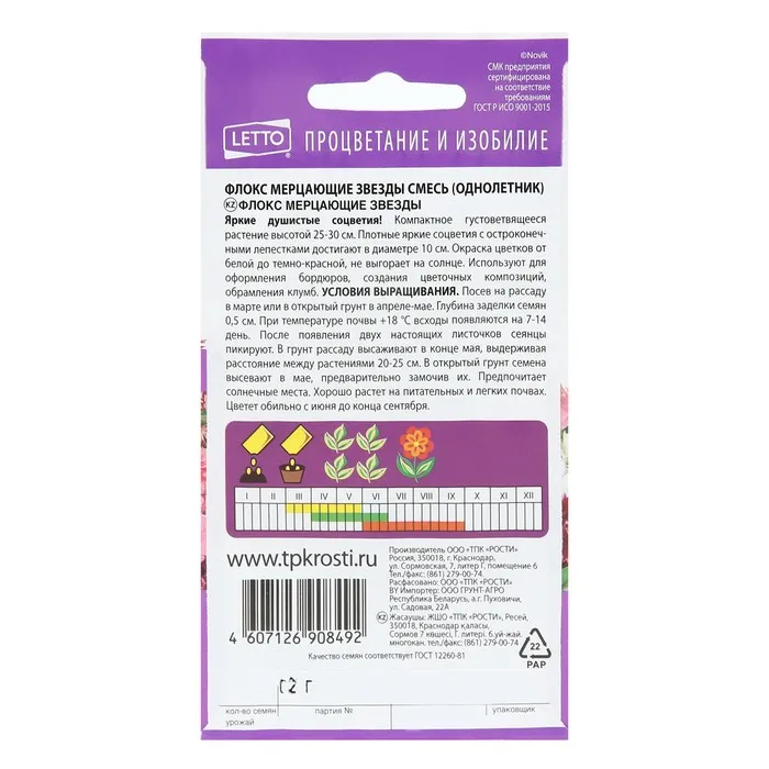 Семена цветов Флокс Мерцающие звезды, смесь, О, 0,2г — Характеристики
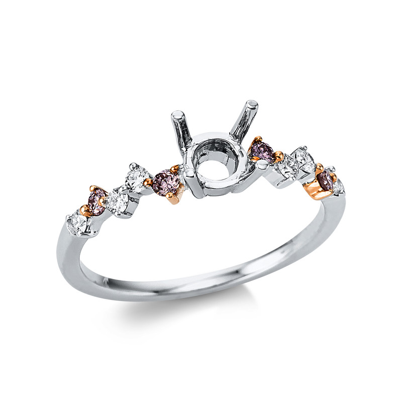 ring 18 kt WG+RG, 6 diamonds 0,14 ct, G-si, 4 diamonds 0,11 ct, pink, mounting for 1x diamond 0,50 ct, width:53
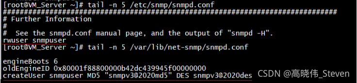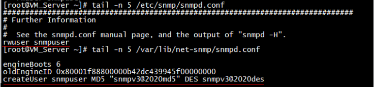 使用net-snmp-create-v3-user命令进行snmp v3配置(需要再snmp服务停止的状态下才能生效)[root@VM_Server ~]# net-snmp-create-v3-user Enter a SNMPv3 user name to create: snmpuser Enter authentication pass-phrase: snmpv3@2020md5 Enter encryption pass-phrase: [press return to reuse the authentication pass-phrase] snmpv3@2020des adding the following line to /var/lib/net-snmp/snmpd.conf: createUser snmpuser MD5 "snmpv3@2020md5" DES snmpv3@2020des adding the following line to /etc/snmp/snmpd.conf: rwuser snmpuser生效后可以查看到配置文件中的新增
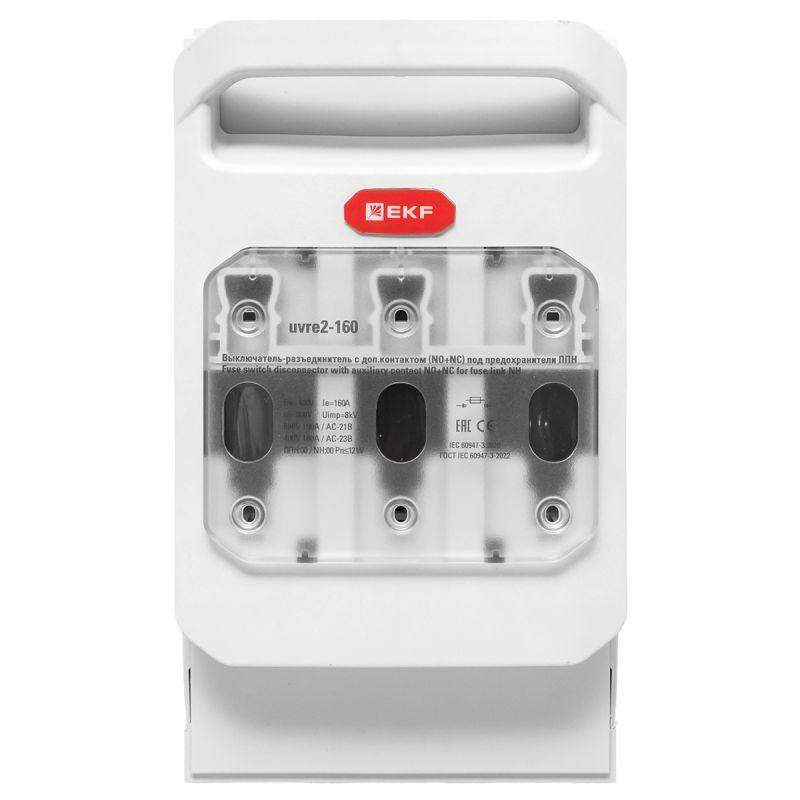 Выключатель-разъединитель УВРЭ v2 160А с доп. контактом (NO+NC) откидного типа под предохранители ППН (габ.00) EKF uvre2-160
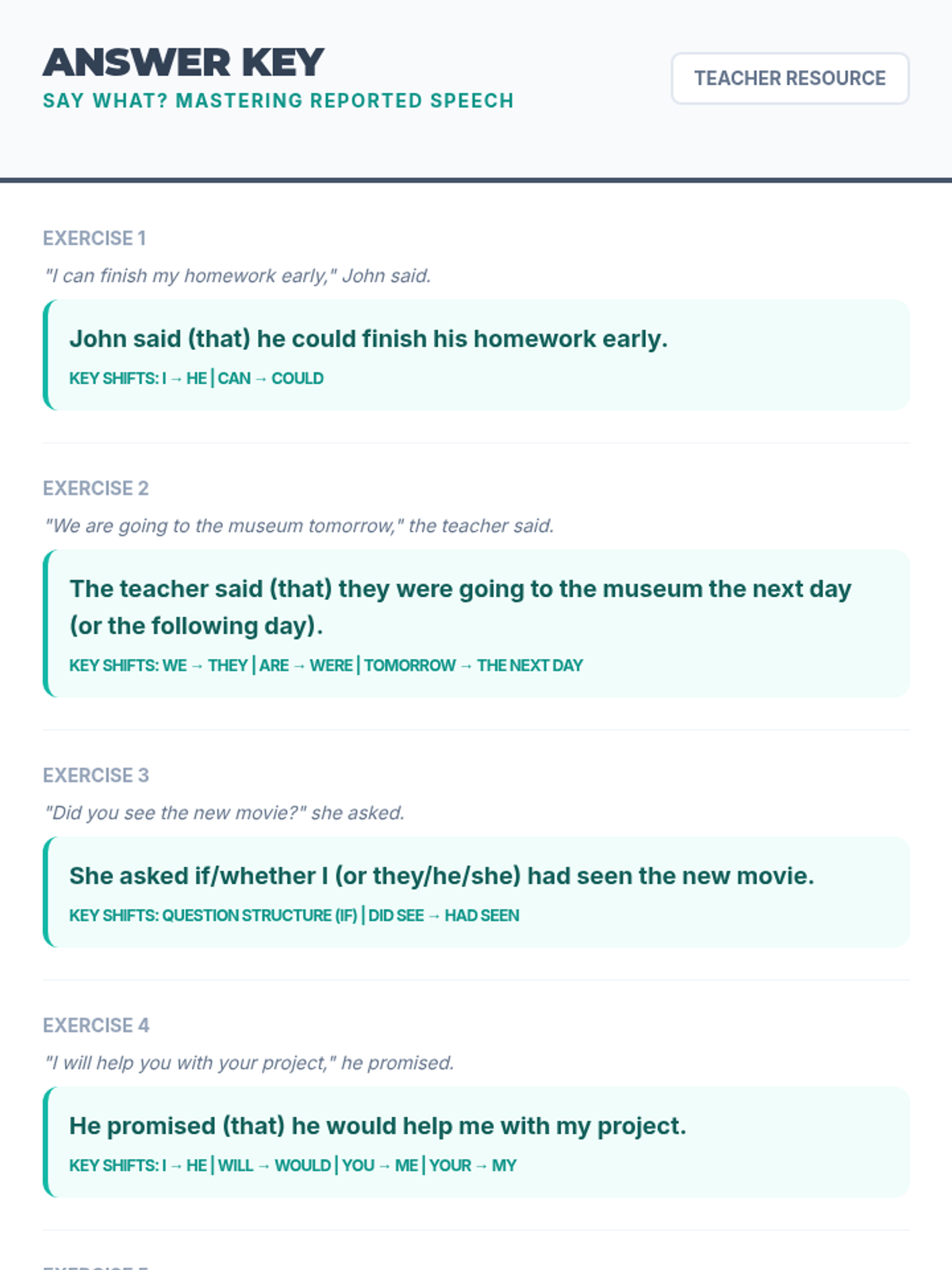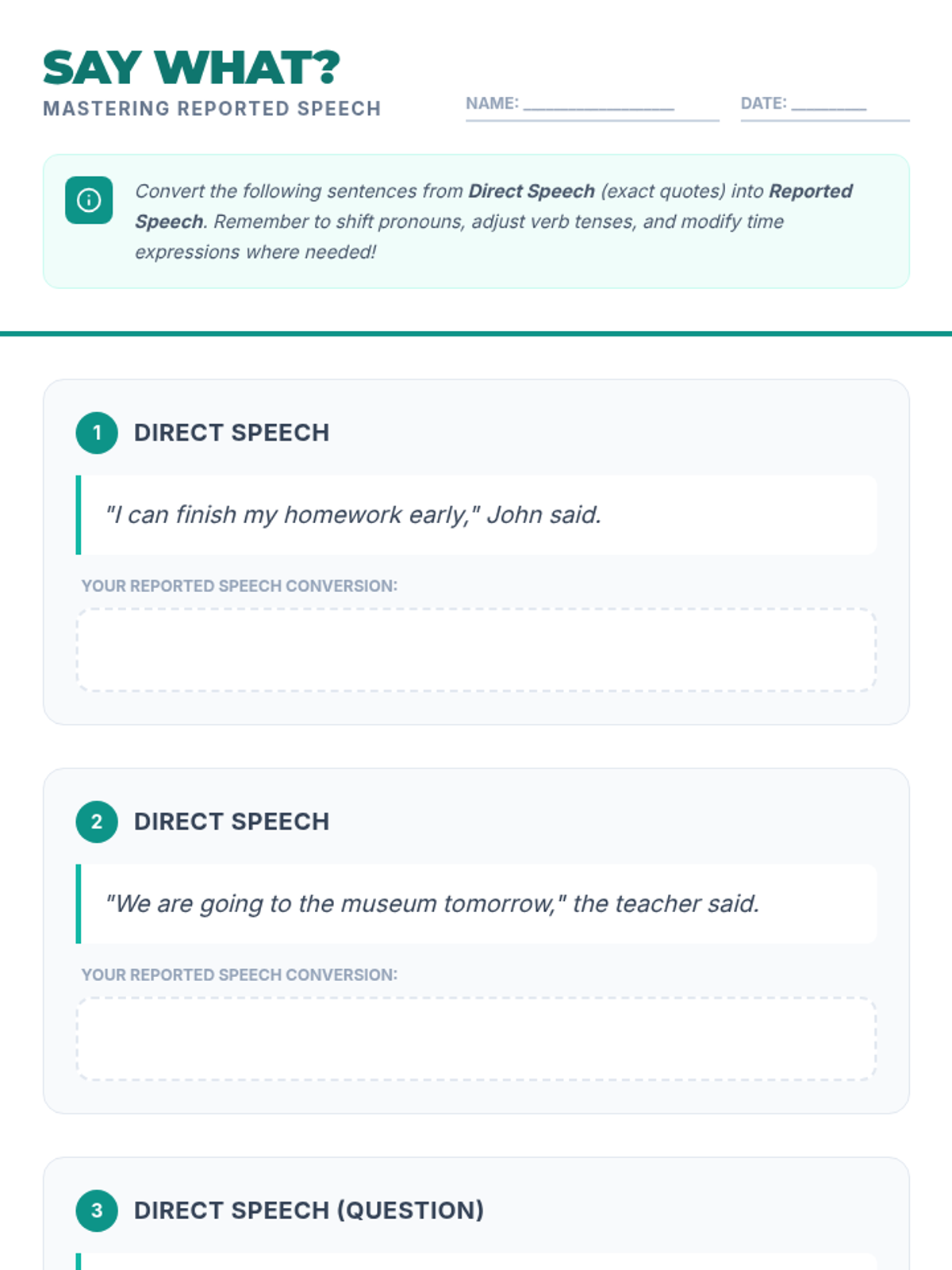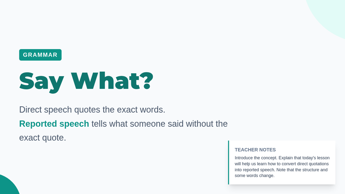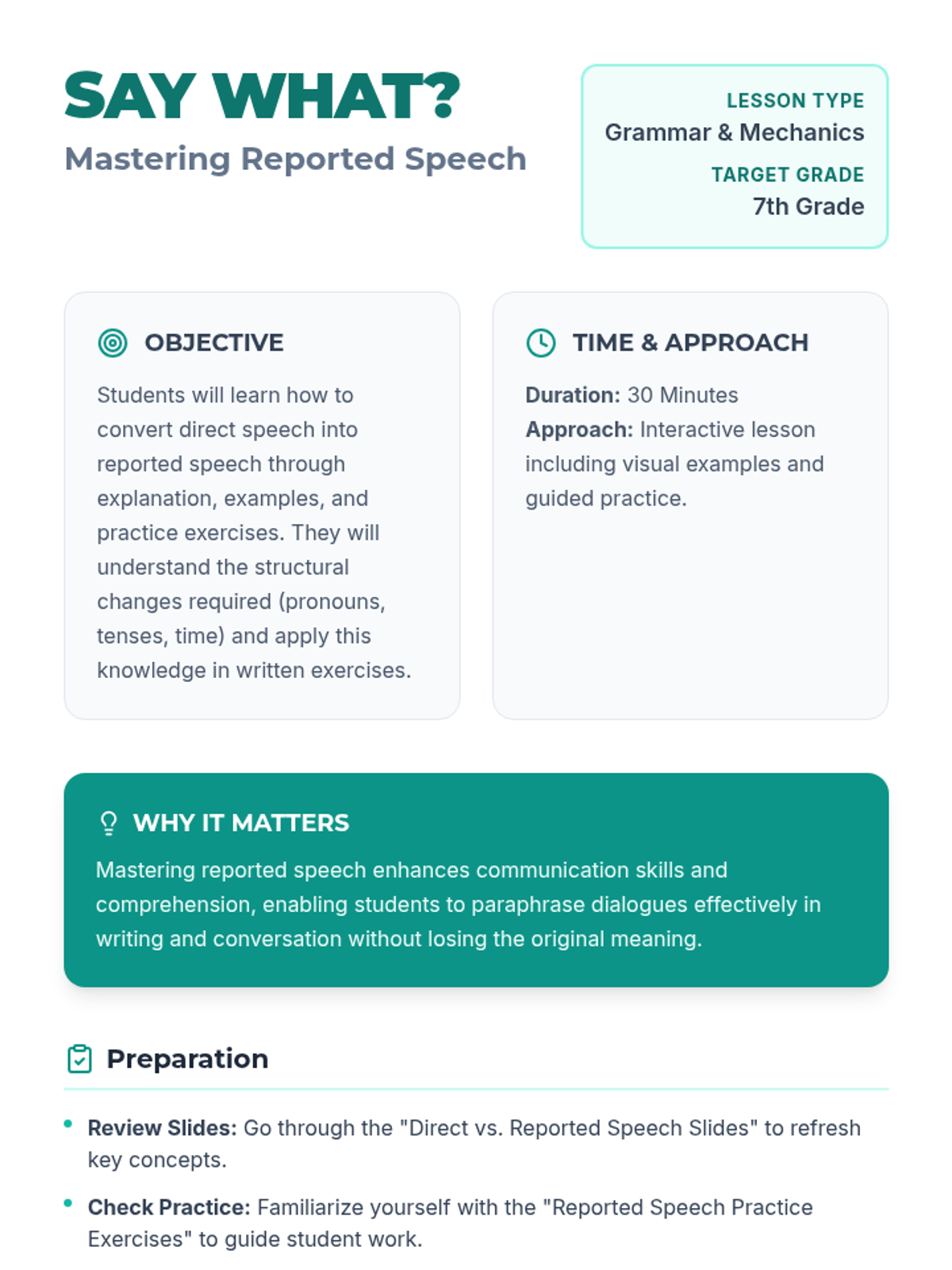 This lesson introduces 7th-grade students to the concept of reported speech, helping them understand how to convert direct speech into reported speech with a focus on pronoun and tense shifts.
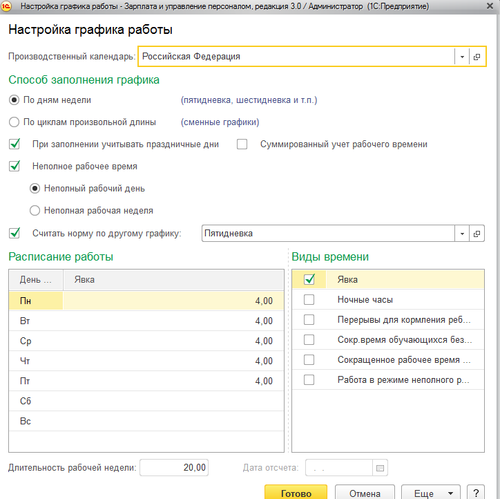 2. График неполного рабочего времени – 20 часов в неделю. В учебной базе мы будем использовать этот график для совместителей, работающих на 0,5 ставки. Норма определяется по пятидневному графику:
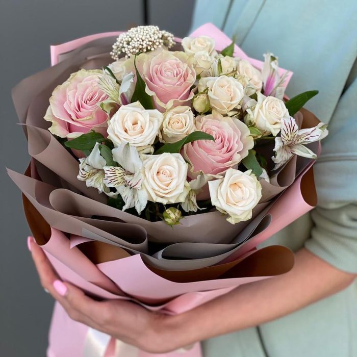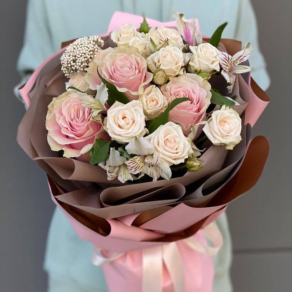 букет из кустовых и одноголовых роз, альстромерии и озотамнуса в оформлении!
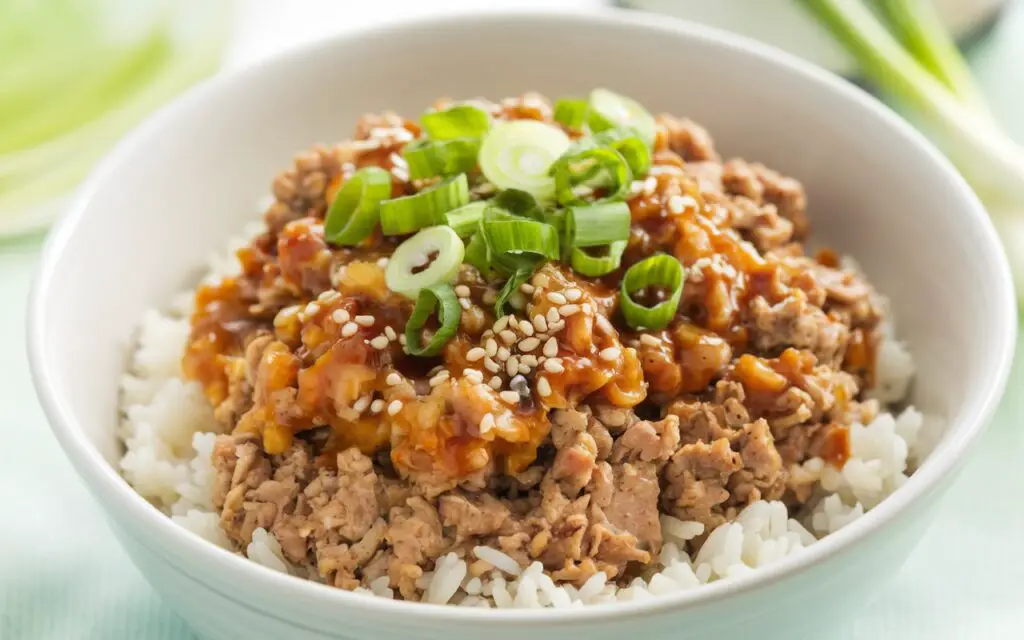 - Ladle or spoon the turkey-veggie mixture onto a bowl of warm rice. Garnish with sliced green onions, sesame seeds, or a drizzle of sriracha if you want a spicy note.

◆ **Work to complete**:
Send back the entries above exactly. Skip the images.

◆ **Result of this exercise**:
 Семена цветов Флокс Мерцающие звезды, смесь, О, 0,2г — Характеристики
 ring 18 kt WG+RG, 6 diamonds 0,14 ct, G-si, 4 diamonds 0,11 ct, pink, mounting for 1x diamond 0,50 ct, width:53
 使用net-snmp-create-v3-user命令进行snmp v3配置(需要再snmp服务停止的状态下才能生效)[root@VM_Server ~]# net-snmp-create-v3-user Enter a SNMPv3 user name to create: snmpuser Enter authentication pass-phrase: snmpv3@2020md5 Enter encryption pass-phrase: [press return to reuse the authentication pass-phrase] snmpv3@2020des adding the following line to /var/lib/net-snmp/snmpd.conf: createUser snmpuser MD5 "snmpv3@2020md5" DES snmpv3@2020des adding the following line to /etc/snmp/snmpd.conf: rwuser snmpuser生效后可以查看到配置文件中的新增
 Выключатель-разъединитель УВРЭ v2 160А с доп. контактом (NO+NC) откидного типа под предохранители ППН (габ.00) EKF uvre2-160
 This lesson introduces 7th-grade students to the concept of reported speech, helping them understand how to convert direct speech into reported speech with a focus on pronoun and tense shifts.
 2. График неполного рабочего времени – 20 часов в неделю. В учебной базе мы будем использовать этот график для совместителей, работающих на 0,5 ставки. Норма определяется по пятидневному графику:
 букет из кустовых и одноголовых роз, альстромерии и озотамнуса в оформлении!
 - Ladle or spoon the turkey-veggie mixture onto a bowl of warm rice. Garnish with sliced green onions, sesame seeds, or a drizzle of sriracha if you want a spicy note.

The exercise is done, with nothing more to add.